As an exercise¹, I've written a string parser that only uses char parsers and Trifecta:
import Text.Trifecta
import Control.Applicative ( pure )
stringParserWithChar :: String -> Parser Char
stringParserWithChar stringToParse =
foldr (\c otherParser -> otherParser >> char c) identityParser
$ reverse stringToParse
where identityParser = pure '?' -- ← This works but I think I can do better
The parser does its job just fine:
parseString (stringParserWithChar "123") mempty "1234"
-- Yields: Success '3'
Yet, I'm not happy with the specific identityParser to which I applied foldr. It seems hacky to have to choose an arbitrary character for pure.
My first intuition was to use mempty but Parser is not a monoid. It is an applicative but empty constitutes an unsuccessful parser².
What I'm looking for instead is a parser that works as a neutral element when combined with other parsers. It should successfully do nothing, i.e., not advance the cursor and let the next parser consume the character.
Is there an identity parser as described above in Trifecta or in another library? Or are parsers not meant to be used in a fold?
¹ The exercise is from the parser combinators chapter of the book Haskell Programming from first principles.
² As helpfully pointed out by cole, Parser is an Alternative and thus a monoid. The empty function stems from Alternative, not Parser's applicative instance.
Don't you want this to parse a String? Right now, as you can tell from the function signature, it parses a Char, returning the last character. Just because you only have a Char parser doesn't mean you can't make a String parser.
I'm going to assume that you want to parse a string, in which case your base case is simple: your identityParser is just pure "".
I think something like this should work (and it should be in the right order but might be reversed).
stringParserWithChar :: String -> Parser String
stringParserWithChar = traverse char
Unrolled, you get something like
stringParserWithChar' :: String -> Parser String
stringParserWithChar' "" = pure ""
stringParserWithChar' (c:cs) = liftA2 (:) (char c) (stringParserWithChar' cs)
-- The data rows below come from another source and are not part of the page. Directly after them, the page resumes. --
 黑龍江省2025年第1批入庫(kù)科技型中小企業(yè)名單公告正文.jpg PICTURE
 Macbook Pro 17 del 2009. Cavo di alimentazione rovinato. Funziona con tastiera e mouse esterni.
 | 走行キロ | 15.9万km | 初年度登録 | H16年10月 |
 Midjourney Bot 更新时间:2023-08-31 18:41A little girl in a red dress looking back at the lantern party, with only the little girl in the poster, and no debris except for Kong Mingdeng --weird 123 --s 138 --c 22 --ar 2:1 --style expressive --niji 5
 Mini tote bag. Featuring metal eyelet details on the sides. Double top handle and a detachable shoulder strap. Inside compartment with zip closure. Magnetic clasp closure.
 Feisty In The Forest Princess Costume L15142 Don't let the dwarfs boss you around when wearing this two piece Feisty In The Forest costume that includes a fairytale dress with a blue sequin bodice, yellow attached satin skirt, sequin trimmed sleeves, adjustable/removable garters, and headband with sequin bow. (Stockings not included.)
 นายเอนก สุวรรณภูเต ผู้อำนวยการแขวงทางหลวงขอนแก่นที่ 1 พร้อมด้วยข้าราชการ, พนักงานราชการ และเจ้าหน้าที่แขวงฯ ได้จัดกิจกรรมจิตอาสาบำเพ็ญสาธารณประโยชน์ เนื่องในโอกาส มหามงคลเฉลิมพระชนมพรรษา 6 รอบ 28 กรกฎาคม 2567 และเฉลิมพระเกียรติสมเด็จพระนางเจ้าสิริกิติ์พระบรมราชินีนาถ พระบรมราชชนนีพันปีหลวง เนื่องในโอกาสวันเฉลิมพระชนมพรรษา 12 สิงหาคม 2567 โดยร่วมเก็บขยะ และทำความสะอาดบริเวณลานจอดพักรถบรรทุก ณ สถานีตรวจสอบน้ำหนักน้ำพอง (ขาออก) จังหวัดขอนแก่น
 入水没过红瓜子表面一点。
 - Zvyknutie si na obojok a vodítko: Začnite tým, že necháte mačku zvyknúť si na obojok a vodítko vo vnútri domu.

-- the above with do notation, note that you can also just sequence the results of
-- 'char c' and 'stringParserWithChar' cs' and instead just return 'pure (c:cs)'
-- stringParserWithChar' (c:cs) = do
-- c' <- char c
-- cs' <- stringParserWithChar' cs
-- pure (c':cs')
Let me know if they don't work since I can't test them right now…
A digression on monoids
My first intuition was to use mempty but Parser is not a monoid.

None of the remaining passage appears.